Modulation of extracellular glutamate concentration by nitric oxide synthase inhibitor in rat transient forebrain ischemia.

The purpose of the present study was to clarify the effect of topical administration of a nitric oxide synthase inhibitor on extracellular glutamate concentration in transient forebrain ischemia. Two microdialysis probes were inserted into the bilateral striata of Wistar rats. NG-Nitro-L-arginine (L-NNA) with or without L-arginine was topically administered into the unilateral striatum through one of the microdialysis probes, while Ringer's solution was perfused into the contralateral striatum as the control, and 14 minutes of forebrain ischemia was applied. The extracellular glutamate concentration during ischemia and subsequent reperfusion was statistically significantly higher on the 100 microM L-NNA-perfused side than on the control side, but 1 mM L-NNA was ineffective. When 100 microM L-NNA was perfused together with 500 microM L-arginine, the glutamate concentration did not differ from that on the control side.
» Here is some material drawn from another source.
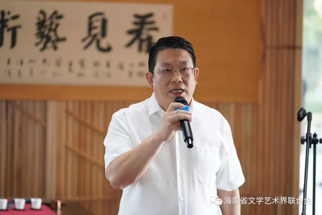 孙苏代表海南省文联致辞,向参展艺术家致以节日的问候和美好的祝福。孙苏说,为深入学习贯彻习近平总书记给内蒙古自治区苏尼特右旗乌兰牧骑队员回信的重要指示精神,落实《中共中央宣传部等关于2019元旦春节期间广泛开展“我们的中国梦”——文化进万家活动的通知》要求,我省宣传文化系统各部门各单位,包括省文联及所属各文艺家协会,纷纷开展形式多样、丰富多彩的活动,进一步丰富全省人民群众的节日文化生活,营造欢乐、喜气、祥和的节日氛围。省文联所属的省民间文艺家协会、省旅琼文艺家协会主动作为,奋勇担当,联合海口市会展局、海口市美术家协会等文艺组织,共同举办了“我们的节日——首届海南岛国际艺术生活展”,多姿多彩地展示海南及旅居海南的艺术名家的书画力作和海南民间非遗等艺术精品,开创了一种全新的艺术大融合的有益尝试。展览自年初四开幕以来,每天都有市民、游客、专家、领导络绎不绝地前来观展,达到了让优秀传统文化和高雅艺术融入了海口的春节文化生活的目的,取得了较大的社会反响,为“我们的中国梦”——文化进万家活动增光添彩。展览期间,又精心策划举行迎春人文艺术沙龙,让艺术家们和社会各界文化人士一起分享展览成功的喜悦,畅谈优秀传统文化和高雅艺术,交流思想,沟通感情,增进友谊。既是共享艺术,也是过一个艺术的节日,这正是我们各文艺家协会应该努力做的事情,让我们广大的艺术家有个艺术大家庭的幸福感、温馨感。孙苏希望“我们的节日——海南岛国际艺术生活展”越办越好,在更大程度、更高水准、更具国际性等方面展示出海南岛的艺术风采,使得这个展览活动名副其实地成为国际化程度较高的海南节日文艺活动品牌。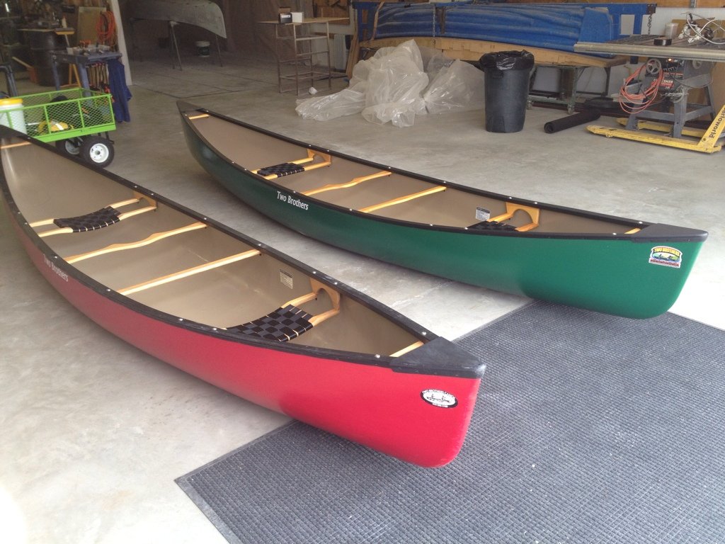 Two Brothers Canoe is back in production of the Arkota in T-Formex. Its a 16' maneuverability oriented river canoe. We have green and red T-Formex boats available. The boats are outfitted with all ash wood components. We put nice arched drop hangers with the web seats.

Moreover, administration of 500 microM L-arginine significantly suppressed the glutamate elevation after reperfusion. The fact that the lower dose of L-NNA increased the accumulation of glutamate during ischemia and reperfusion without altering blood flow may indicate that nitric oxide affords protection against ischemia neuronal damage. However, since the higher dose of L-NNA did not affect the glutamate concentration, it appears that the effect of nitric oxide on extracellular glutamate concentration in forebrain ischemia differs, depending on the degree of the inhibition of NOS activity.